►

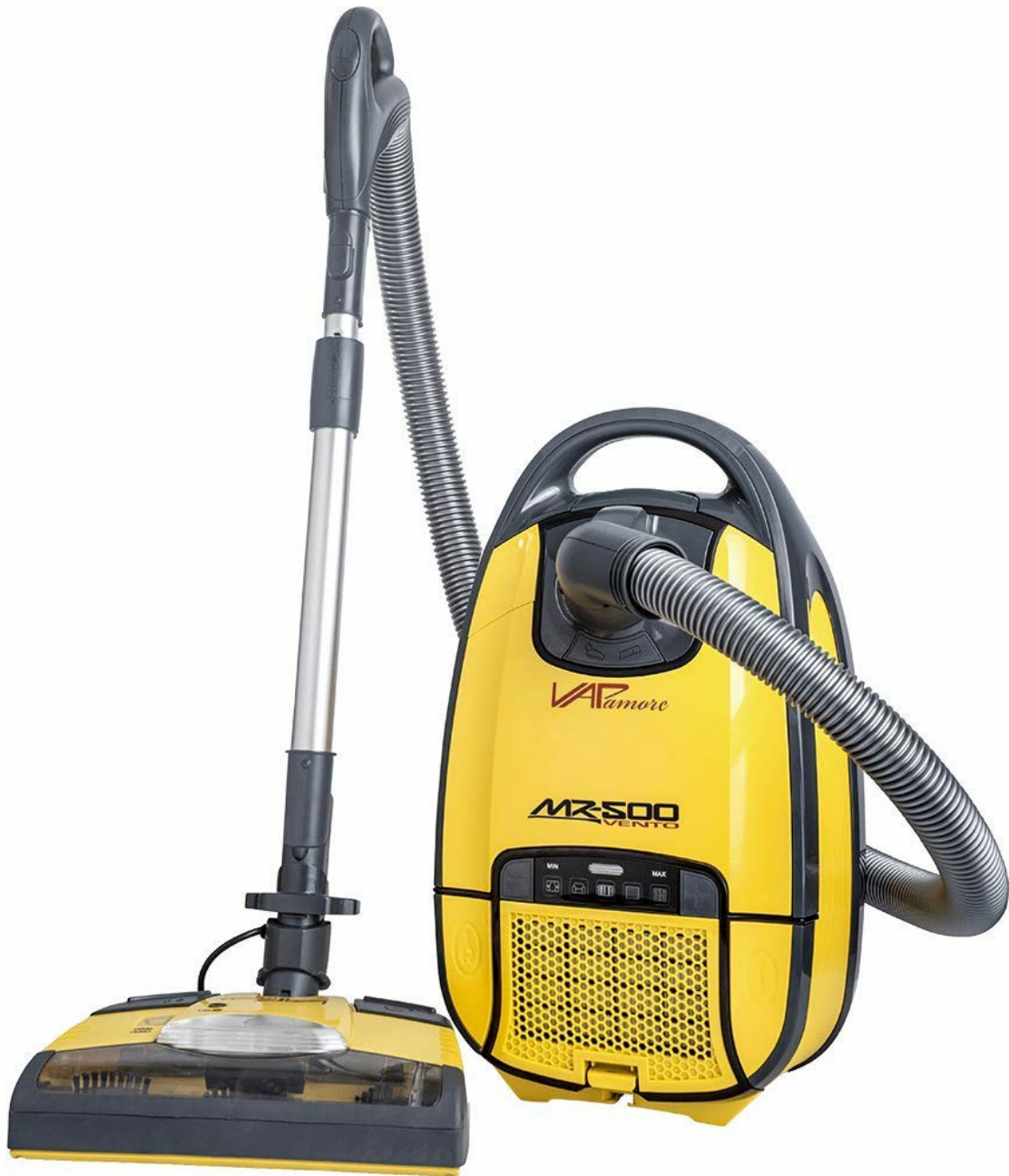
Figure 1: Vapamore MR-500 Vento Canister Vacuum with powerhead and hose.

◄
►

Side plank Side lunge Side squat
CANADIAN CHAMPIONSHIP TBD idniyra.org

◄

TASK DESCRIPTION: Would you retype the lines above from the one with "Side plank Side lunge Side squat" down to the one with "CANADIAN CHAMPIONSHIP TBD idniyra.org", word for word, both ends included and no other lines?

SOLVED EXERCISE:
Side plank Side lunge Side squat
CANADIAN CHAMPIONSHIP TBD idniyra.org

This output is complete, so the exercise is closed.